Issue with huggingface.load_dataset()

Hello, I recently encountered an issue with the function huggingface.load_dataset() that raised the following error:

Error: KeyError: ‘tags’

In an attempt to resolve this, I found a tutorial (link here), which suggested updating the huggingface_hub library in the requirements.txt file. I followed the tutorial and updated the huggingface_hub version accordingly. However, after this update, I am now facing a different error.

--> ERROR: docker.io/library/python:3.1: not found

Can anyone help with understanding why this update is causing an issue and how I can fix it?
Space: QASports Website - Basketball - a Hugging Face Space by leomaurodesenv

1 Like

Hi! It seems like you’ve encountered two distinct issues after updating the huggingface_hub library.

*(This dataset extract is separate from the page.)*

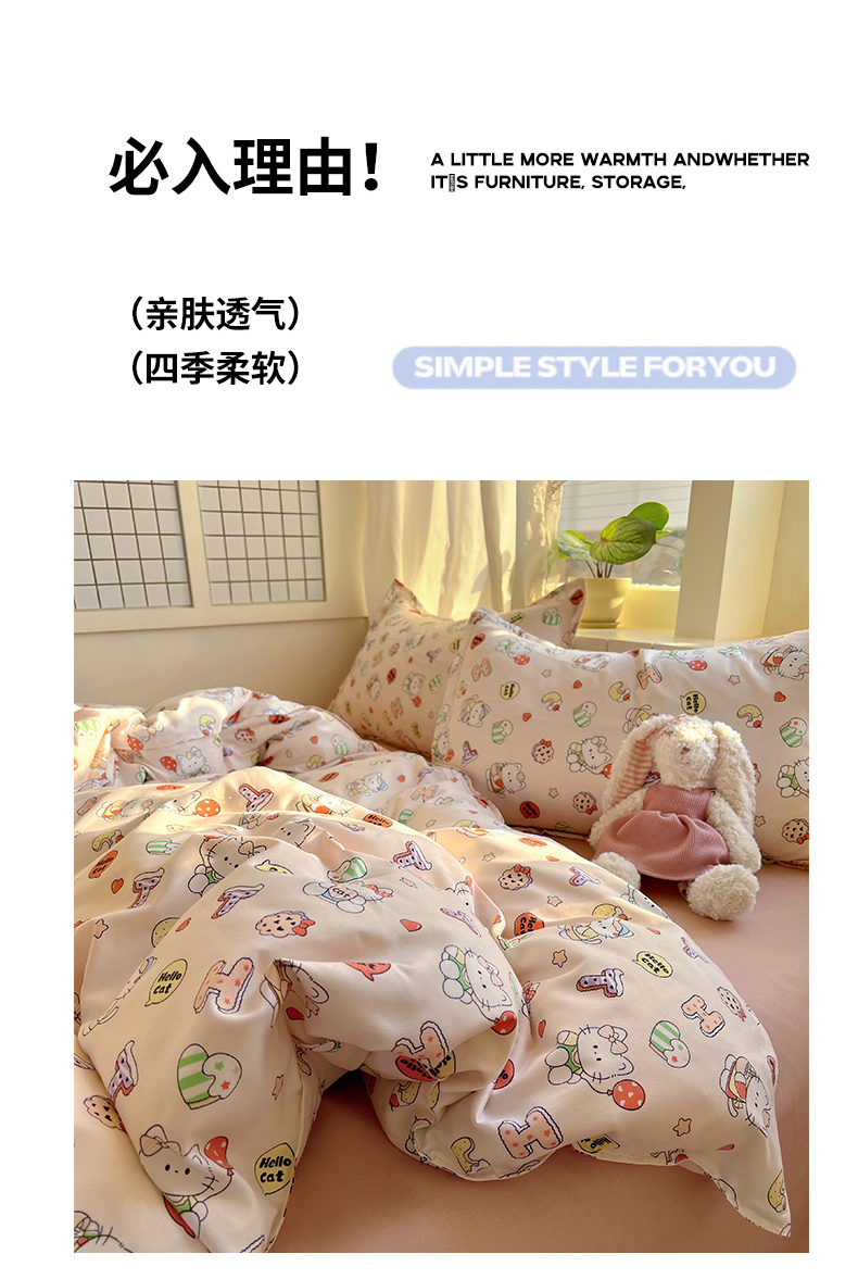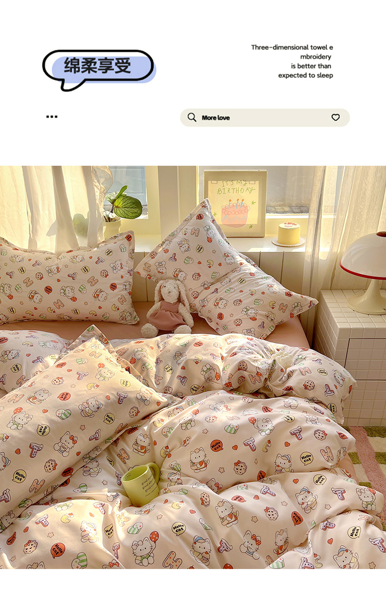 (总)宏源家纺 2025新款芦荟棉印花亲肤四件套,花园熊,快乐玩伴,萌萌猫粉,萌萌猫灰,甜品派对-蓝,甜品派对-玉,小猫日记,小新灰,小新蓝,熊仔仔

  1. KeyError: ‘tags’ – This error usually occurs when the dataset you’re trying to load has missing metadata or if you’re using an incompatible version of the dataset. It could also be caused by outdated versions of datasets or huggingface_hub. Updating both might help resolve this.

  2. ERROR: Docker Hub Container Image Library | App Containerization not found – This issue is due to the use of a non-existent Docker image. The python:3.1 image does not exist (the latest stable version of Python is 3.10 or 3.11). You should update your Dockerfile or requirements to use a valid image, such as python:3.8, python:3.9, or python:3.10.

Suggested Fix:

  • Roll back or update your Hugging Face libraries to ensure compatibility:
    pip install --upgrade huggingface_hub datasets
    
  • Correct the Docker image reference:
    • Update your Dockerfile to use a valid Python image, e.g.:
      FROM python:3.9
      

Hope this help!

3 Likes

Hello @Alanturner2 , thank you for your suggestions.

Do you know how can I change the Docker image? I am using Streamlit Spaces, thus it is not clear for me how to do that.

[Edit] Please, take a look into my last commit who generated the Docker image issue - fix: load dataset · leomaurodesenv/qasports-website at c5b95e6

1 Like

I just fixed. Step-by-step:

  • Downgrade the Python from 3.10 to 3.9
  • Fix Streamlit sdk version
  • Update the requirements.txt with latest datasets and huggingface_hub libraries.

README.md

sdk: streamlit
sdk_version: 1.33.0
python_version: 3.9
app_file: app.py
...

requirements.txt

# HuggingFace
datasets==3.2.0
huggingface_hub==0.27.0

app.py

from datasets import load_dataset

dataset_name = "PedroCJardim/QASports"
dataset_split = "basketball"
dataset = load_dataset(dataset_name, name=dataset_split)

1 Like

This topic was automatically closed 12 hours after the last reply. New replies are no longer allowed.